Fresh coffee produces too much crema because recently roasted beans still contain high levels of trapped carbon dioxide (CO2) that has not fully escaped through natural degassing. When this CO2-heavy coffee is brewed as espresso, the gas is forced out under pressure and whipped into the surface oils, producing an unusually thick, fast-rising crema that is often a sign of uneven extraction rather than a mark of quality.
The Cause: Residual CO2 from Roasting
During roasting, heat inside the roaster breaks down sugars and other compounds, releasing large volumes of carbon dioxide that become trapped within the cellular structure of the bean. This gas does not exit instantly. It escapes gradually over a period of days to weeks in a process known as degassing, which is why freshly roasted bags are packaged with one-way valves.
When beans are ground and brewed before this process has substantially progressed, most of the CO2 remains locked inside the cell structure. During espresso extraction, hot water under roughly 9 bars of pressure forces the residual gas out rapidly. This gas mixes with emulsified oils on the surface of the shot, generating a thick, pale, quick-forming crema.
Why Excess Crema Indicates a Problem
Crema generated primarily by escaping CO2, rather than by balanced extraction yield, is typically unstable and collapses quickly, and the espresso beneath it is often sour or thin. This occurs because trapped gas disrupts even water flow through the coffee bed. Instead of penetrating the portafilter basket uniformly, water is diverted around gas pockets, following the path of least resistance. This is the same underlying mechanism responsible for channeling, in which water carves narrow routes through the puck, producing simultaneous over-extraction along the channel and under-extraction in the surrounding grounds. A large, foamy crema can therefore conceal an unevenly extracted shot rather than confirm a well-made one.
For this reason, many cafés and roasters observe a resting period of approximately 5 to 14 days between roasting and brewing. Allowing beans this window lets excess CO2 dissipate gradually, so that by the time the coffee reaches an espresso machine, gas release contributes a smaller and more controlled share of the crema rather than dominating it.

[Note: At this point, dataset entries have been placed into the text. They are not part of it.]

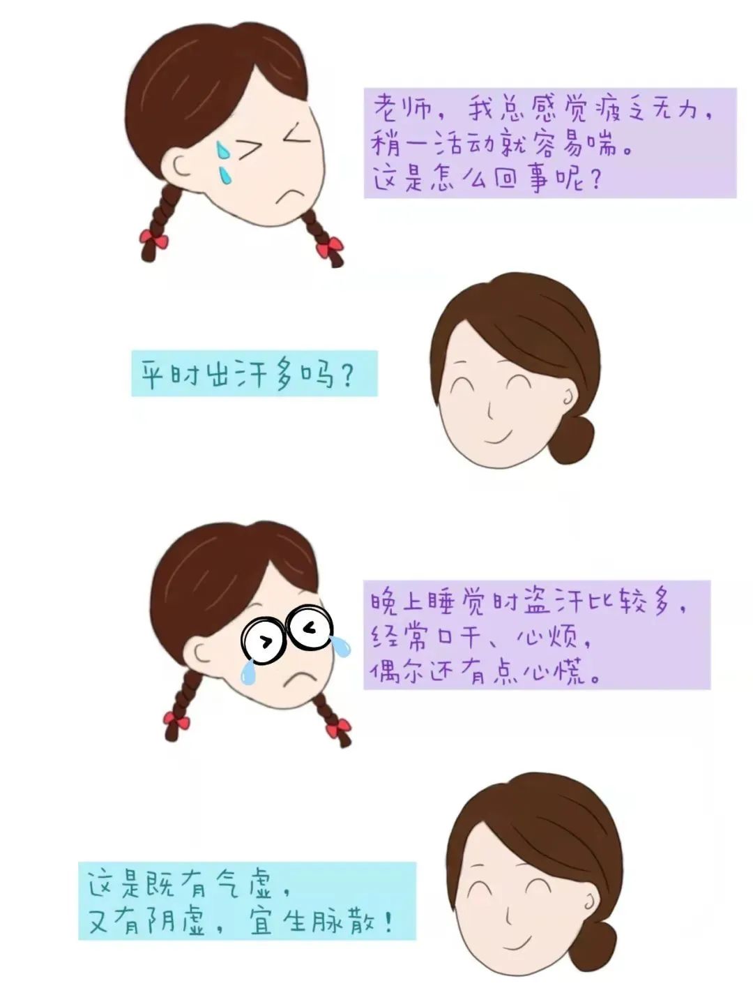 温热、暑热,耗气伤阴证。汗多神疲,体倦乏力,气短懒言,咽干口渴,舌干红少苔,脉虚数。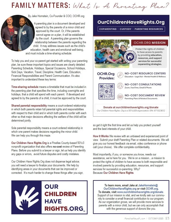 Our Children Have Rights.Org is a Pinellas County-based 501c3 nonprofit organization that also offers no-cost review of Parenting Plans. Before you submit to a lawyer or sign, let us help you identify any gaps or errors, avoid future disputes and costly mistakes.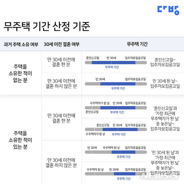 ㄴ예외적으로 만 30세 이전이라도 혼인한 경우 혼인신고일로부터 무주택 기간 산정해줌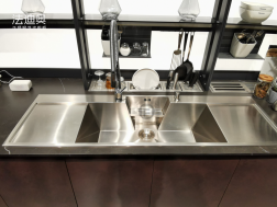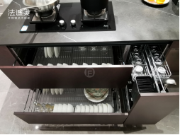 法迪奥依据这个使用习惯,开发了一体式不锈钢台面,把后挡水条加高到270mm,设置里整套后档收纳系统。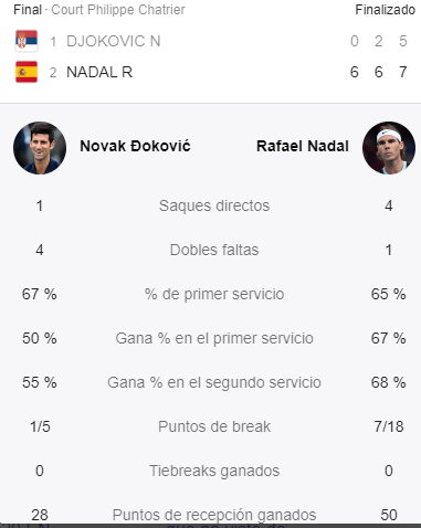 Variando alturas. Abriendo ángulos. Engañando a Djokovic cuando llegaba a sus dejadas en la red. Nadal fue un muro desde la línea de fondo. Rafa dominó mental y tácticamente a Novak sin que éste encontrara opciones. Nadal minimizó al número uno del mundo como pocas veces le han superado. Le endosó un rosco en el primero. Le metió un 6-2 en el segundo. La final terminó con 14 errores no forzados de Rafa, por los 52 de Djokovic. A continuación os dejo el resto de estadísticas: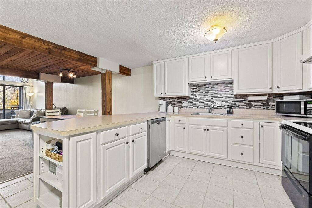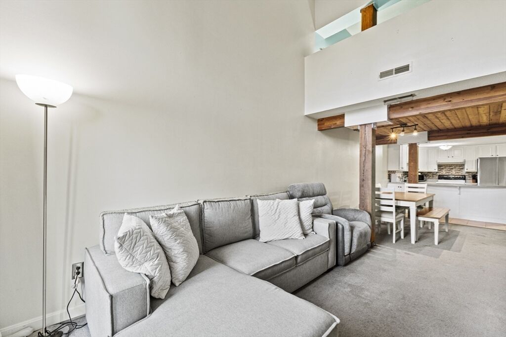 Welcome to River Bend Condominiums in Taunton! This inviting midrise condo features an open floor plan with a spacious living room, cathedral ceilings, sliders to a private balcony, and scenic river views. The dining area with wood-paneled, beamed ceiling opens to a well-appointed kitchen with a breakfast bar, white cabinets, tile backsplash, stainless steel appliances, and ample counter space. A first-floor bedroom with balcony access and a loft-style second bedroom offer flexible living. The unit has been well maintained with a new furnace (2025), water tank (2024), and recently replaced refrigerator and dishwasher. Community amenities include in-building laundry, a playground, tennis and indoor racquetball courts, a gym, a gathering room, and an in-ground pool. Conveniently close to shopping, the new commuter rail line, and Route 24. Don’t miss this one!

Why Some Beans Produce More Crema Than Others
Freshness is one variable among several. Even at an optimal resting point, crema volume varies significantly between beans due to factors intrinsic to the coffee itself.
Species and Variety
Robusta (Coffea canephora) beans generally produce thicker, longer-lasting crema than Arabica, largely due to higher concentrations of melanoidins and differing lipid and polysaccharide profiles that stabilize foam. This is why many traditional Italian espresso blends include a percentage of Robusta for fear that the crema will disappear quickly after extraction, despite Arabica generally being preferred for cleaner acidity and aroma.
Roast Level and Oil Migration
Darker roasts bring more oil to the surface of the coffee bean, and this surface oil emulsifies readily under pressure, increasing crema volume. Lighter roasts are denser and less structurally broken down, and typically produce thinner crema even under identical freshness conditions.
Processing Method
The method used to process a coffee cherry after harvest affects the sugar and oil content that ultimately reaches the roasted bean. Natural and honey-processed lots, which retain more fruit sugars during drying, tend to develop more melanoidins during roasting and can produce denser, more richly colored crema than washed lots from the same estate coffee.
Growing Conditions and Quality Grading
Altitude, soil composition, and cultivar all influence the density and chemical composition of green coffee, which subsequently affects how the bean responds to heat during roasting and to pressure during extraction.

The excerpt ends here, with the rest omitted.